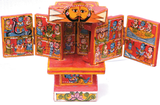 It was love at first sight at Dilli Haat. I was looking for a present for my cousin and his new wife when these open doors beckoned. Provenance: Bassi, Chittorgarh, Rajasthan. Some large ones, about a foot high, some small, the size of my palm. I peered inside one — the doors unfolded, and on panel after panel there were stories begging to be told. ‘Jangli kahaani’ announced one box painted in green with tales from the Panchatantra. Others had mythologies. Dwarka Prasad Jangid, the craftsman, took me through the stories — the Ramayana, the lilas of Krishna, Dashavatara… I returned again to a small one that seemed most right — blazing red and utterly charming. Rs 250, he quoted. I’m a notorious bargainer but I paid up quietly.
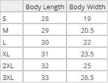| Size | XS, S, M, L, XL, 2XL, 3XL |
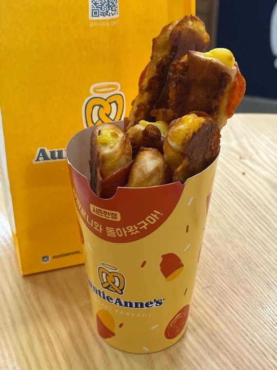 고구마크림치즈 스틱에 페퍼로니..?? 괴식일 줄 알았는게 토마토소스 묻혀서 먹으면 페퍼로니 피자맛이에요..!! 그런데 거기 고구마 무스가 있는 .... 암튼 안 물리고 맛있어요ㅋㅋㅋ 시즌 가기 전에 함 드셔보시길!! 👍
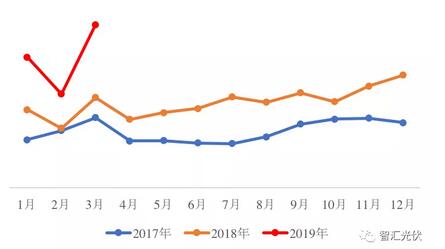根據(jù)海關(guān)出口數(shù)據(jù),2017年9月美國201法案實(shí)施以來,中國光伏組件的出口量逐月增加;2019年1~3月,國內(nèi)組件的總出口量達(dá)到15GW,同比增長70%!尤其是3月份,單月出口量超過6GW!
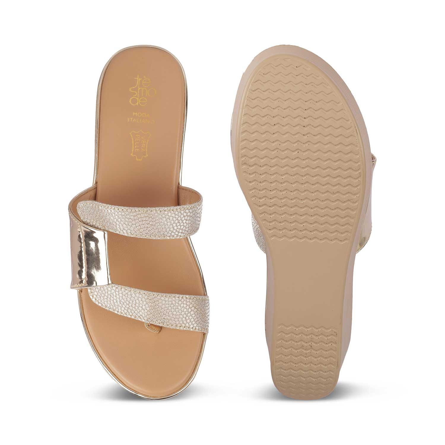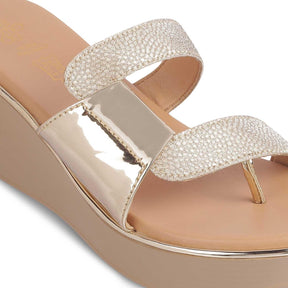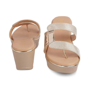 The Tafila Gold Women's Dress Wedge Sandals Tresmode
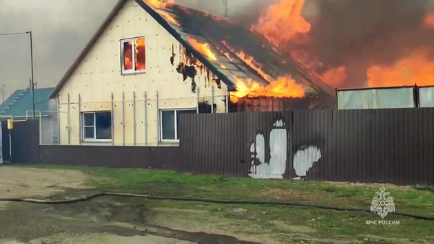 Последствия крупного пожара в деревне Логоушка Курганской области показали на видео. Кадры в пятницу, 28 апреля, публикуют «Известия» в своем Telegram-канале.
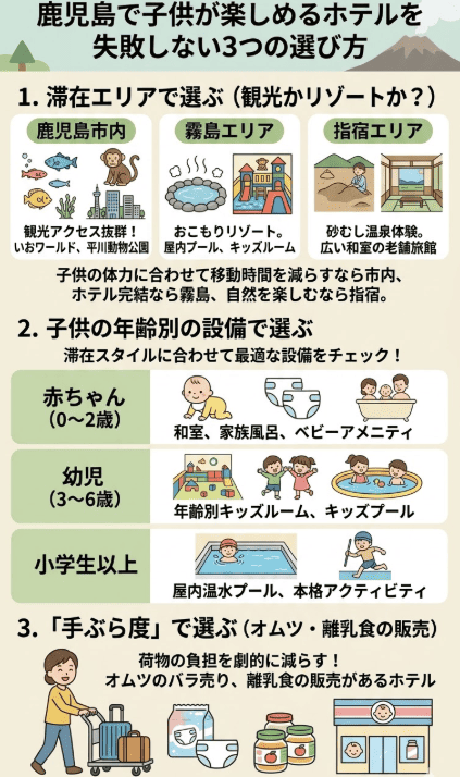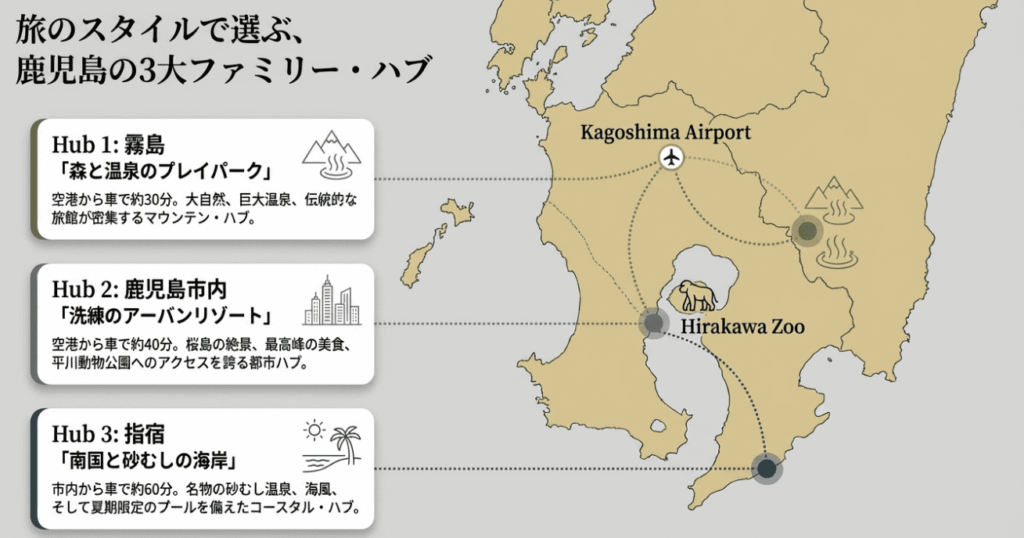 子供の体力を考え、移動時間を最小限にしたいなら鹿児島市内、ホテルの中だけで完結して遊びたいなら霧島、自然と温泉をゆったり楽しみたいなら指宿を選ぶのが正解です。
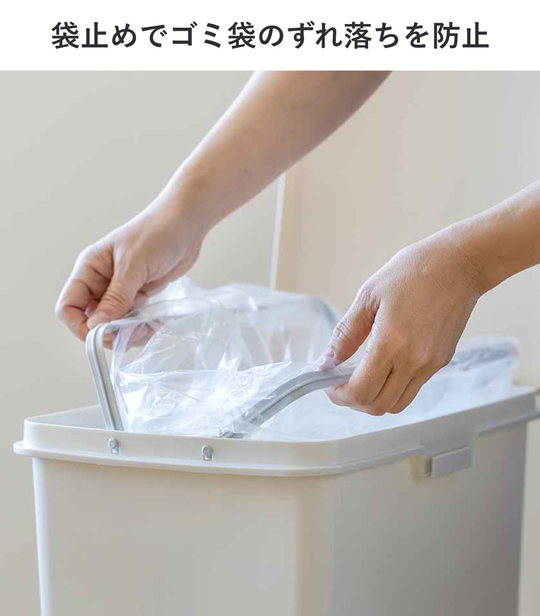 引っ掛けるだけでゴミ袋をセットできます。ゴミ袋のズレ落ちを防止し、袋がはみ出さないので生活感をオフ。お部屋の雰囲気を壊しません。
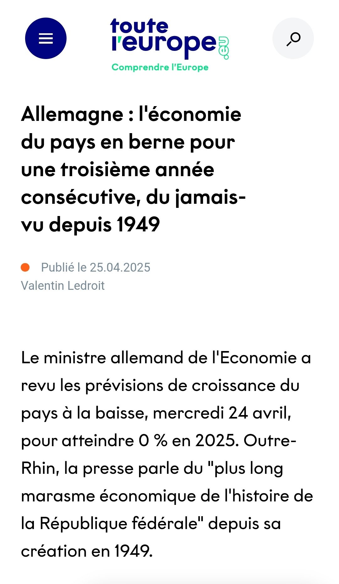 Non c'est ton gourou qui le dit lui même https://www.lindependant.fr/2025/06/20/cela-ne-doit-etre-tolere-sous-aucun-pretexte-vladimir-poutine-craint-a-son-tour-que-la-russie-nentre-en-recession-le-budget-alloue-a-larmee-remis-en-12775388.php
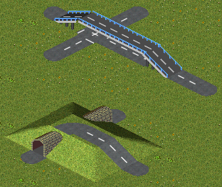 Eine unter einer Brücke entlanglaufende Straße kann direkt mit dem Brückensockel verbunden werden. -->Starßenkreuzung entsteht.
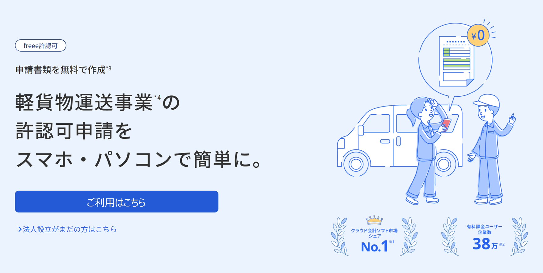 freee株式会社(本社:東京都品川区、CEO:佐々木大輔、以下「freee」)は許認可申請書類をオンラインで作成できる「freee許認可」を本日から提供開始し、軽貨物営業届に対応しています。
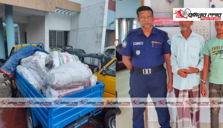 মঙ্গলবার (৬ সেপ্টেম্বর) বিকেলে বিষয়টি নিশ্চিত করেন বুড়িচং থানার এসআই মোঃ শরীফুর রহমান। পুলিশ সূত্রে জানা যায়, সোমবার (০৫ সেপ্টেম্বর) দুপুরে বুড়িচং উপজেলার বাকশীমূল ইউনিয়ন সীমান্ত এলাকা থেকে মিনি পিকআপ ও অটোরিকশা দিয়ে আমদানি নিষিদ্ধ ভারতীয় জর্জেট শাড়ি নিয়ে কুমিল্লা-বুড়িচং সড়ক দিয়ে পরিবহন করা হচ্ছে,এমন গোপন সংবাদের ভিত্তিতে থানার ওসি মোঃ মারুফ রহমানের নির্দেশনায় এসআই শরীফুর রহমানের নেতৃত্বে কুমিল্লা-বুড়িচং সড়কে অভিযান পরিচালনা করা হয়। এসময় পুলিশ দেখে চোরাকারবারি দল দ্রুত গতিতে পালিয়ে যাওয়ার চেষ্টা করে। পরে পুলিশ চোরাকারবারীদের ধাওয়া করে গাড়িসহ এসব পণ্য ষোলনল মধ্যপাড়া হাজী বাড়ি এলাকা থেকে জব্দ করে। জব্দকৃত মালামাল ৬৯০ পিস বিভিন্ন রংয়ের ভারতীয় তৈরী আমদানি নিষিদ্ধ শাড়ি ও তাদের গাড়ি জব্দসহ দুইজন চোরাকারবারিকে আটক করে পুলিশ। এসময় একজন পালিয়ে যায়।
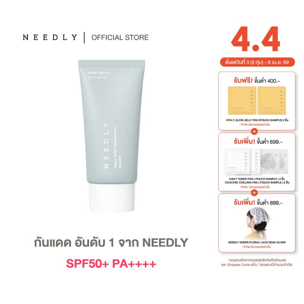NEEDLY VEGAN MILD MOISTURE SUN 50ML นีดลี่วีแกนไมลด์มอยเจอร์ซัน กันแดด SPF50+PA++++

▬▬▬▬▬▬▬▬▬▬

_TASK_
Only one thing is wanted here, an exact copy of the lines from the first line above through the line containing "The Tafila Gold", minus any picture.

_ANSWER AREA_
 It was love at first sight at Dilli Haat. I was looking for a present for my cousin and his new wife when these open doors beckoned. Provenance: Bassi, Chittorgarh, Rajasthan. Some large ones, about a foot high, some small, the size of my palm. I peered inside one — the doors unfolded, and on panel after panel there were stories begging to be told. ‘Jangli kahaani’ announced one box painted in green with tales from the Panchatantra. Others had mythologies. Dwarka Prasad Jangid, the craftsman, took me through the stories — the Ramayana, the lilas of Krishna, Dashavatara… I returned again to a small one that seemed most right — blazing red and utterly charming. Rs 250, he quoted. I’m a notorious bargainer but I paid up quietly.
| Size | XS, S, M, L, XL, 2XL, 3XL |
 고구마크림치즈 스틱에 페퍼로니..?? 괴식일 줄 알았는게 토마토소스 묻혀서 먹으면 페퍼로니 피자맛이에요..!! 그런데 거기 고구마 무스가 있는 .... 암튼 안 물리고 맛있어요ㅋㅋㅋ 시즌 가기 전에 함 드셔보시길!! 👍
根據(jù)海關(guān)出口數(shù)據(jù),2017年9月美國201法案實(shí)施以來,中國光伏組件的出口量逐月增加;2019年1~3月,國內(nèi)組件的總出口量達(dá)到15GW,同比增長70%!尤其是3月份,單月出口量超過6GW!
 The Tafila Gold Women's Dress Wedge Sandals Tresmode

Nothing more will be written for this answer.